## [EXERCISE PROMPT]
Where the line containing "Defender Jordon Butts" appears, begin retyping; continue exactly through the final line of the data. Omit every picture.

## [PROVIDED INFORMATION]
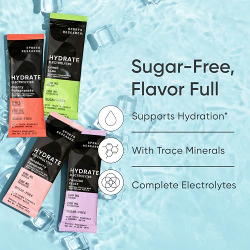 SUGAR-FREE, FLAVOR FULL: O Sports Research Hydrate é um pó de eletrólitos para misturar que é livre de açúcar sem comprometer o sabor. Escolha entre quatro sabores naturais ou um pacote variado que contém todos eles: Framboesa Limonada, Cereja Romã, Limão Limão e Maracujá.
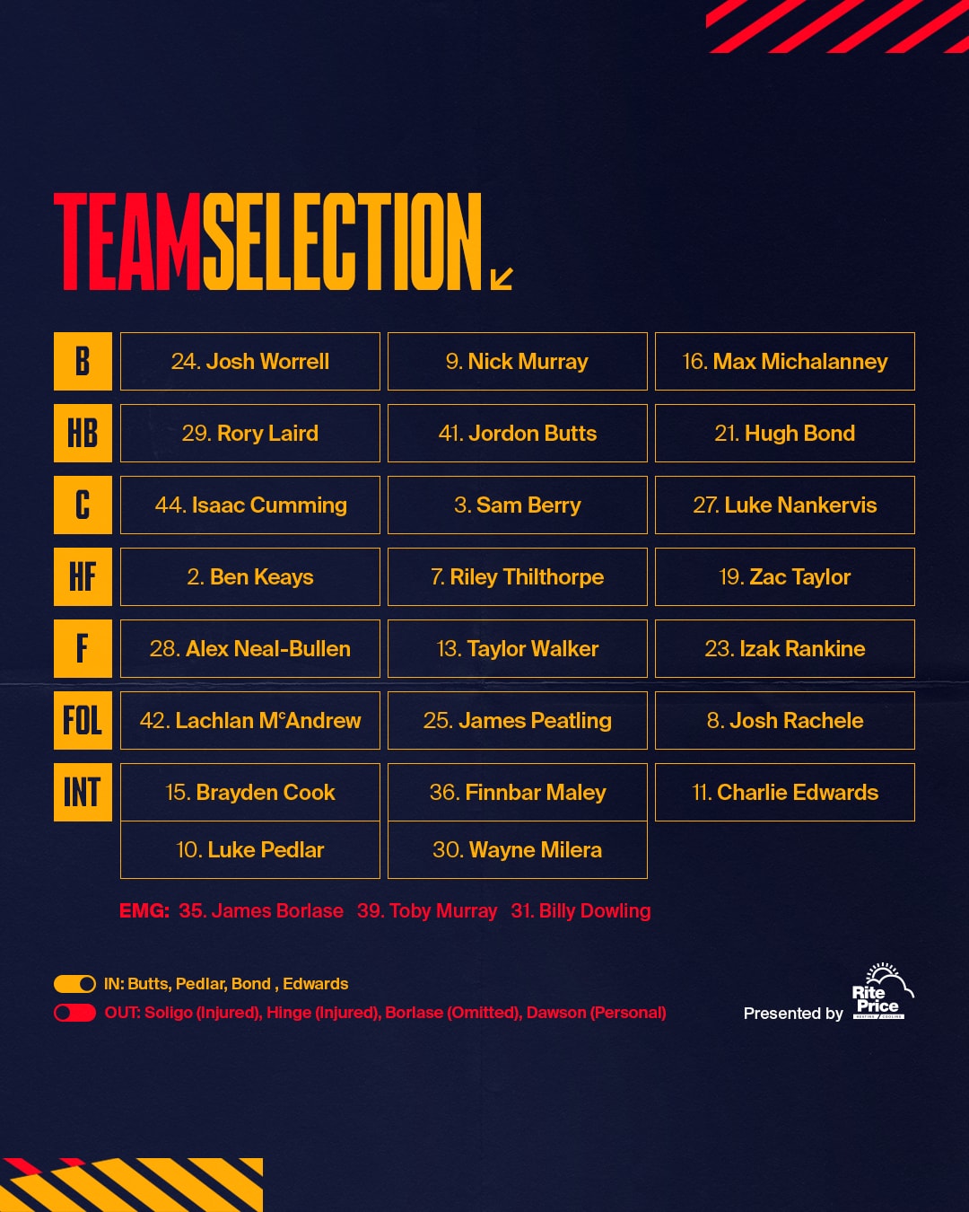 Defender Jordon Butts returns to the line-up alongside forward Luke Pedlar, with the pair having successfully cleared the AFL’s concussion protocols.
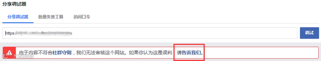 表示链接被禁用,请直接点击“告诉我们”,向Facebook提交申诉;或者从以下链接申诉:
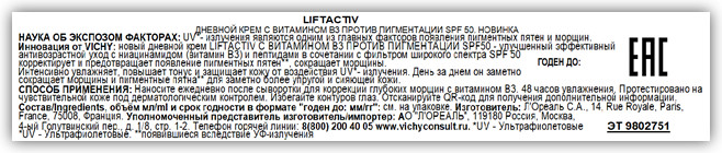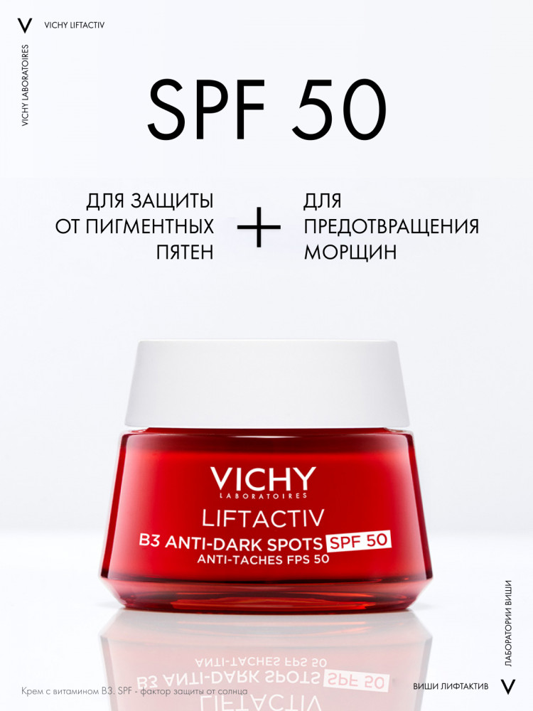 💳 Оплатить за товар можно при получении 🇰🇿 Есть бесплатная доставка по Казахстану от 1 дня 🎁 Копите бонусы с каждой покупки Серия: Liftactiv UV-излучения* являются одним из главных факторов появления пигментных пятен и морщин. Инновация** от VICHY — новый дневной крем LIFTACTIV с витамином B3 против пигментации SPF 50. Улучшенный эффективный антивозрастной уход с ниацинамидом (витамин B3) и пептидами в сочетании с фильтром широкого спектра SPF 50. Клинически доказанная эффективность. Корректирует и предотвращает появление пигментных пятен**, сокращает морщины. Гипоаллергенно. Протестировано на чувствительной коже под контролем дерматологов. |
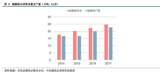 近年来,由于新能源汽车产业的拉动作用,全球锂盐需求持续快速增长,整体呈现供不应求状态。根据相关数据,2014年全球碳酸锂需求量为17.6万吨,产量为16.65万吨;2017年碳酸锂需求量为24.7万吨,产量为22.73万吨,需求端复合年增长率为12.0%,供给端复合年增长率10.9%,近三年碳酸锂的需求缺口分别为3.4万吨,2.2万吨和1.97万吨,有逐渐缩小的趋势。
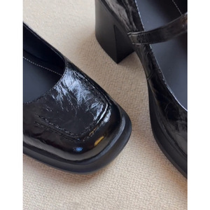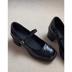 羊皮版~法式复古一字扣粗跟玛丽珍小皮鞋女通勤百搭黑色单鞋
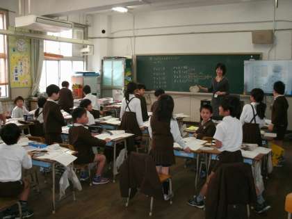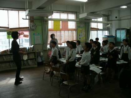 「7のだんの九九をくふうしてつくろう」の学習の後半では、担任の先生が打つタンバリンのリズムに遅れないように7の段を暗唱していました。
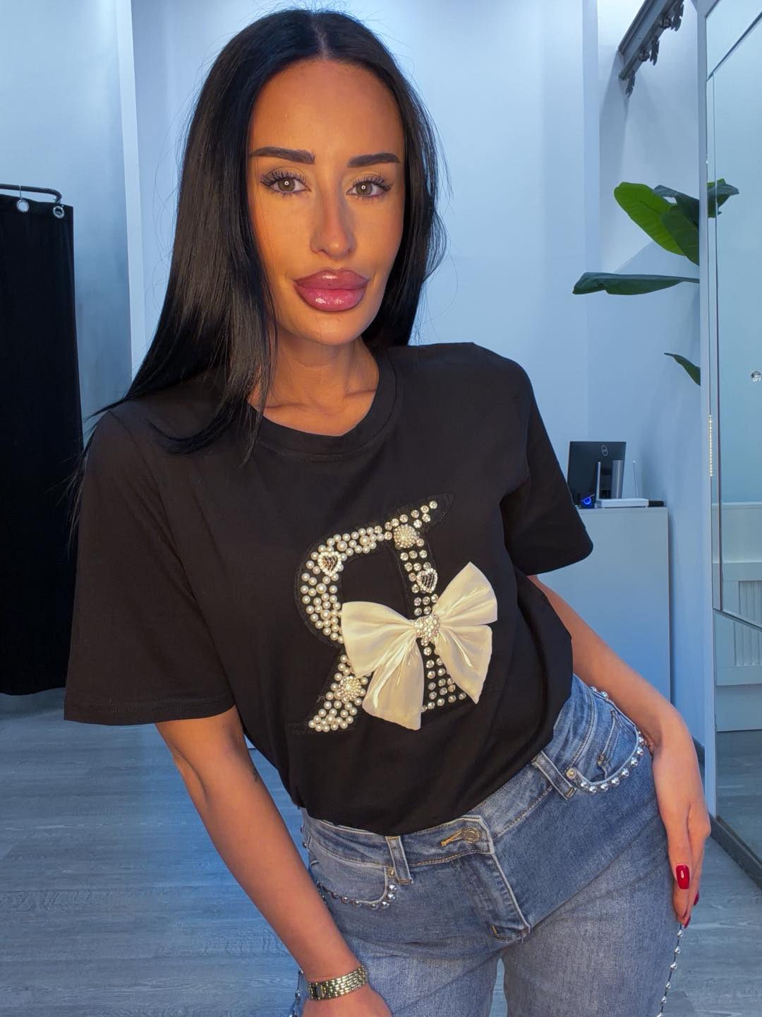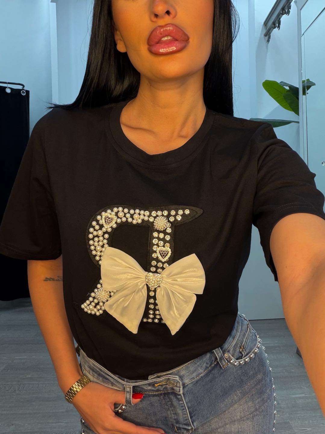 Μπλουζάκι μαύρο με πέρλες και φιόγκο

## [ANSWER TO THE EXERCISE]
 Defender Jordon Butts returns to the line-up alongside forward Luke Pedlar, with the pair having successfully cleared the AFL’s concussion protocols.
 表示链接被禁用,请直接点击“告诉我们”,向Facebook提交申诉;或者从以下链接申诉:
 💳 Оплатить за товар можно при получении 🇰🇿 Есть бесплатная доставка по Казахстану от 1 дня 🎁 Копите бонусы с каждой покупки Серия: Liftactiv UV-излучения* являются одним из главных факторов появления пигментных пятен и морщин. Инновация** от VICHY — новый дневной крем LIFTACTIV с витамином B3 против пигментации SPF 50. Улучшенный эффективный антивозрастной уход с ниацинамидом (витамин B3) и пептидами в сочетании с фильтром широкого спектра SPF 50. Клинически доказанная эффективность. Корректирует и предотвращает появление пигментных пятен**, сокращает морщины. Гипоаллергенно. Протестировано на чувствительной коже под контролем дерматологов. |
 近年来,由于新能源汽车产业的拉动作用,全球锂盐需求持续快速增长,整体呈现供不应求状态。根据相关数据,2014年全球碳酸锂需求量为17.6万吨,产量为16.65万吨;2017年碳酸锂需求量为24.7万吨,产量为22.73万吨,需求端复合年增长率为12.0%,供给端复合年增长率10.9%,近三年碳酸锂的需求缺口分别为3.4万吨,2.2万吨和1.97万吨,有逐渐缩小的趋势。
 羊皮版~法式复古一字扣粗跟玛丽珍小皮鞋女通勤百搭黑色单鞋
 「7のだんの九九をくふうしてつくろう」の学習の後半では、担任の先生が打つタンバリンのリズムに遅れないように7の段を暗唱していました。
 Μπλουζάκι μαύρο με πέρλες και φιόγκο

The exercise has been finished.